Für Generalarzt Christoph Veit, Stabsabteilungsleiter für den Bereich Wehrmedizin im Bundesverteidigungsministerium, sind das „zu erwartende normale Reaktionen auf unnormale Situationen“. Wenn sich Schock, Entsetzen, Betroffenheit jedoch mit der Zeit zu einem Krankheitsbild verfestigten, dann spreche man von posttraumatischen Belastungsstörungen (PTBS), und dann werde es ernst, wie der frühere Leiter des Bundeswehrzentralkrankenhauses in Koblenz weiß. Wie bedrohlich die Lage am Hindukusch von den Soldaten erlebt wird, mag man daran ablesen, dass die Zahl der PTBS-Patienten sich verdreifacht hat, von 80 im Jahr 2006 auf 250 im Jahr 2008.

Für den Wehrbeauftragten der Bundeswehr, Reinhold Robbe (SPD) besteht kein Zweifel daran, dass „wir zudem eine hohe Dunkelziffer unterstellen müssen“. Manche Experten gingen von bis zu zehn Prozent der Einsatzteilnehmer aus. Warum? Weil zum Arzt zu gehen, zumal zu einem Psychologen oder Psychiater, „bis auf den heutigen Tag stigmatisiert ist“, wie Robbe sagt, „und zwar in der Zivilgesellschaft wie in der Bundeswehr“. Doch erfreulicherweise hätten immer mehr Soldaten „den Mut, sich behandeln zu lassen, wenn sie Verhaltensauffälligkeiten bei sich selbst feststellen“.

In einer „Männlichkeit“ und „Härte“ wertschätzenden Truppe keine Selbstverständlichkeit, wie auch Generalarzt Veit weiß. Aber die Überzeugung, „wir sind stark, deshalb darf es so was bei uns nicht geben“, gehöre der Vergangenheit an. „Das ist Geschichte“, sagt Veit. Dabei würden vor allem auch „niedrigschwellige Angebote wie Telefonhotlines und Internetforen helfen, wo die Leute sich anonym informieren können“. Daneben habe die Bundeswehr eine Art psychosoziales Netzwerk geschaffen. Erster Ansprechpartner sei häufig der Kamerad, ein Offizier, Seelsorger oder Sozialberater. Einmal in Behandlung sei es das vornehmliche Ziel der mal ambulanten, mal stationären Therapie, die drei Wochen bis mehrere Monate dauern könne, „das Geschehene nicht zuzudecken, sondern den Patienten zu konfrontieren mit seinem eigenen Erleben, damit er lernt damit umzugehen“. Darum gehe es, sagt Veit, „denn eine Narbe bleibt auf der Seele“. Nicht wenige gingen danach trotzdem wieder in den Einsatz.

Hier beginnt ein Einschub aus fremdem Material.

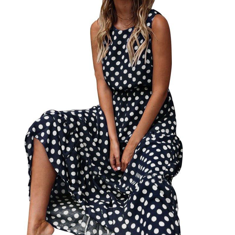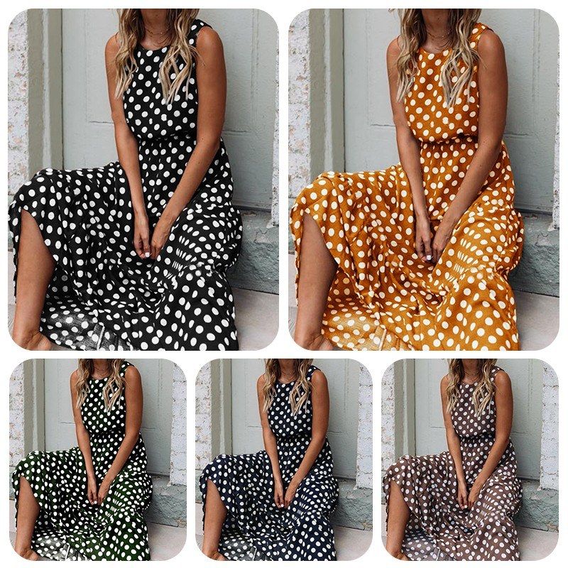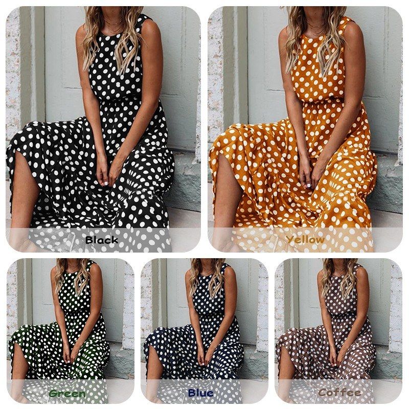 This sundress in polka dots pattern, cute and stylish, features sleeveless, O-neck, and flowy hem, fit for summer, vacations, beach, street, holidays, party, etc.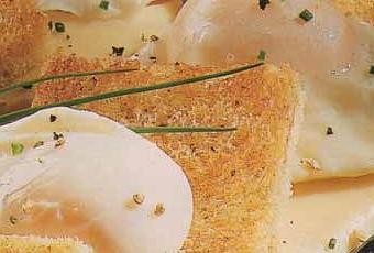 - Garnissez le fond d’un plat de service creux avec la purée Soubise, posez dessus les tranches de pain frites, disposez un œuf sur chaque tranche.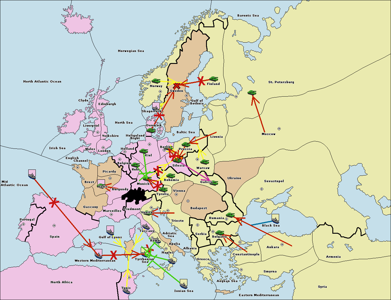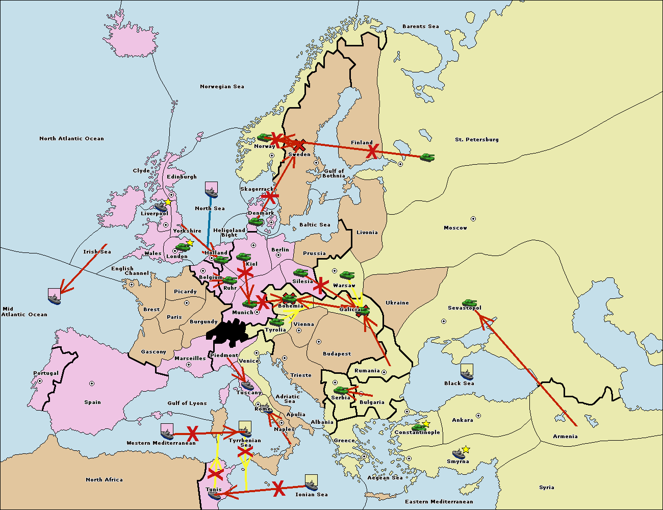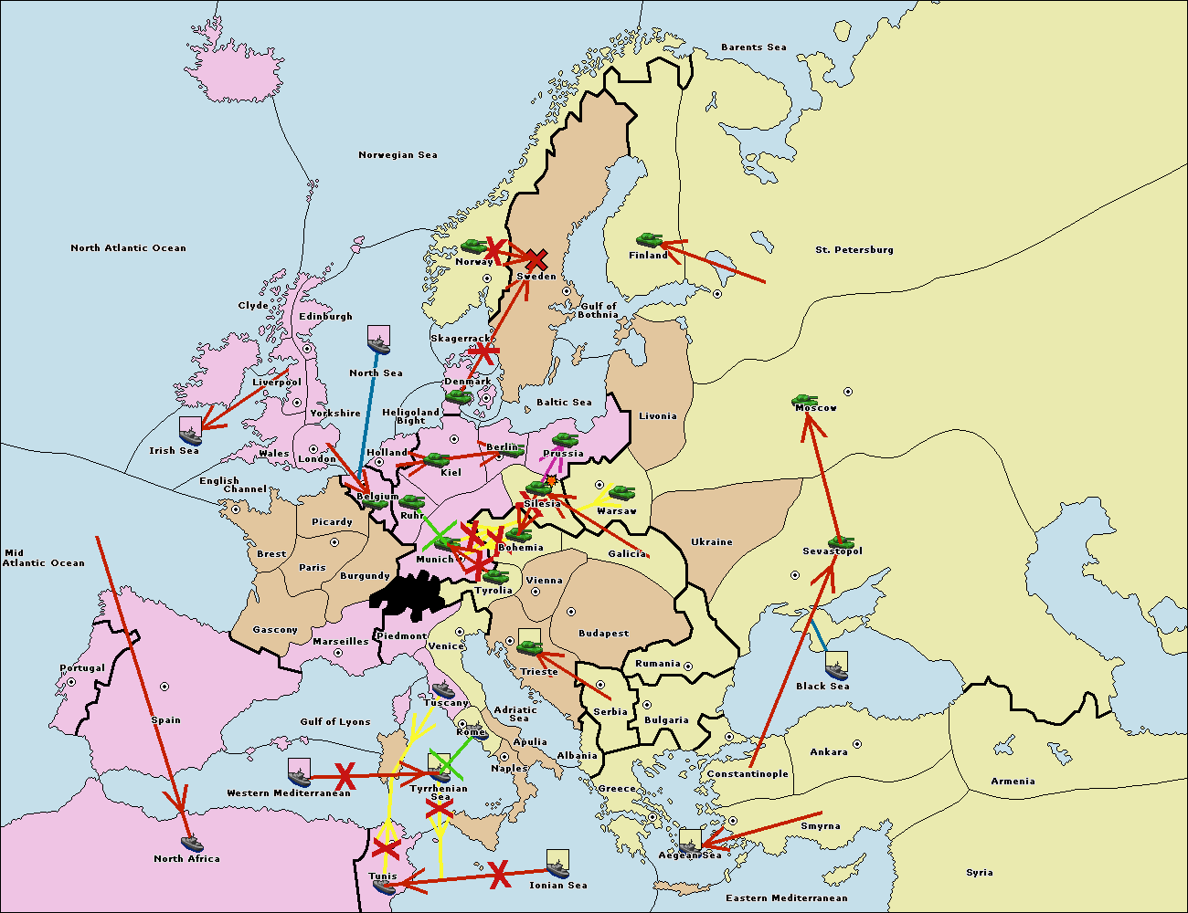 The fleet at Tyrrhenian Sea support move to Tunis from Ionian Sea.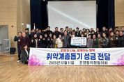 한민일보 서울포커스 기자 | 울주군 온양읍 이장협의회가 연말연시를 맞아 11일 온양읍 행정복지센터에 성금 300만원을 기탁했다. 이번에 기탁된 성금은 온양읍 지역 내 취약계층을 위한 다양한 복지사업에 활용될 예정이다. 최준식 회장은 “온양읍의 취약계층이 따뜻한 연말을 보내는데 이번 성금이 도움이 되길 바란다”고 밝혔다. 서천천 온양읍장은 “지역사회를 위한 온양읍 이장협의회의 선행에 감사드린다”며 “기탁해주신 성금은 후원 취지에 맞게 도움이 필요한 분들에게 지원하겠다”고 말했다.

Wehrbeauftragter Robbe sieht die Bundeswehr auf einem guten Weg. Aber es bleibe einiges zu tun. „ Wir brauchen eine zentrale Ansprechstelle, zur Behandlung, zur Prophylaxe und vor allem zur Forschung.“ Denn die Forschung in diesem Bereich sei ein „unterbelichtetes Feld“. Es reiche nicht aus, wie von der Sanitätsführung angedacht, „irgendwo eine kleine Abteilung an ein bestehendes Institut für Arbeitsmedizin anzuflanschen“, sagt Robbe. Er mache sich für ein eigenes Institut stark, gut dotiert, um gute Leute bezahlen zu können. Die Truppe sei es wert.